◆ **WHAT YOU ARE ASKED TO DO**: The line containing "Godleman, J. (2020)" marks the start; extract exactly from it through the last line of the entries, and omit any pictures.

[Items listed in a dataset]
────
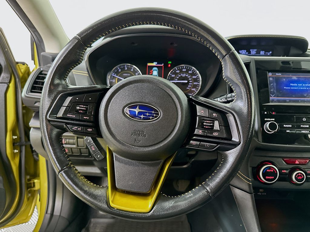 SUBARU CERTIFIED PRE-OWNED, Crosstrek Sport, 4D Sport Utility, 2.5L 4-Cylinder DOHC 16V, Lineartronic CVT, AWD, Plasma Yellow Pearl, Gray W/Yellow Stitching Premium Synthetic, 4-Wheel Disc Brakes, 6 Speakers, ABS brakes, Air Conditioning, All-Weather Floor Liners, AM/FM radio: SiriusXM, Automatic temperature control, Brake assist, Dual front impact airbags, Electronic Stability Control, Emergency communication system: STARLINK Safety and Security (Subscription Required), Exterior Parking Camera Rear, Four wheel independent suspension, Front Bucket Seats, Front Center Armrest, Front fog lights, Fully automatic headlights, Heated door mirrors, Heated Front Bucket Seats, Illuminated entry, Leather Shift Knob, Low tire pressure warning, Occupant sensing airbag, Outside temperature display, Overhead airbag, Panic alarm, Power door mirrors, Power steering, Power windows, Radio: Subaru STARLINK 6.5" Multimedia Plus System, Rear Seatback Protector, Remote keyless entry, Security system, Speed-sensing steering, Split folding rear seat, Standard Model, STARLINK/Apple CarPlay/Android Auto, StarTex Upholstery, Telescoping steering wheel, Tilt steering wheel, Wheels: 17" x 7.0J Alum Alloy Dark Gray Met Finish.
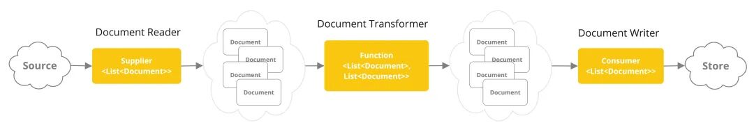 public interface DocumentReader extends Supplier<List<Document>> { default List<Document> read() { return (List)this.get(); }}public interface DocumentTransformer extends Function<List<Document>, List<Document>> { default List<Document> transform(List<Document> transform) { return (List)this.apply(transform); }}public interface DocumentWriter extends Consumer<List<Document>> { default void write(List<Document> documents) { this.accept(documents); }}
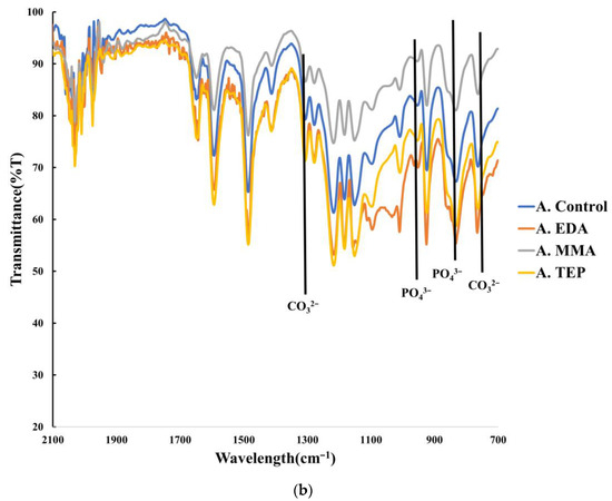 Querido’s experiment explains the relationship between crystallinity and FTIR peak appearance. He used the Pearson correlation coefficient and analyzed the correlation between the crystallinity of the CaP using the apatite peak found at about 1015 cm−1, showing that sharper and more intense peaks at this point signify higher levels of crystallinity of the CaP formation [54]. Thus, the FTIR spectra behaved in a manner predicted by the prior literature.
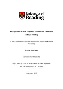 Godleman, J. (2020) The Synthesis of Novel Polymeric Materials for Application in Inkjet Printing. PhD thesis, University of Reading. doi: 10.48683/1926.00095643
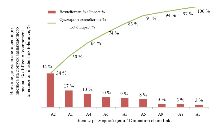 Оценку влияния составляющих звеньев на замыкающее звено проводили с использованием диаграммы Паретто (рис. 7).
────
◆ **SOLUTION FOR THIS PROBLEM**:
 Godleman, J. (2020) The Synthesis of Novel Polymeric Materials for Application in Inkjet Printing. PhD thesis, University of Reading. doi: 10.48683/1926.00095643
 Оценку влияния составляющих звеньев на замыкающее звено проводили с использованием диаграммы Паретто (рис. 7).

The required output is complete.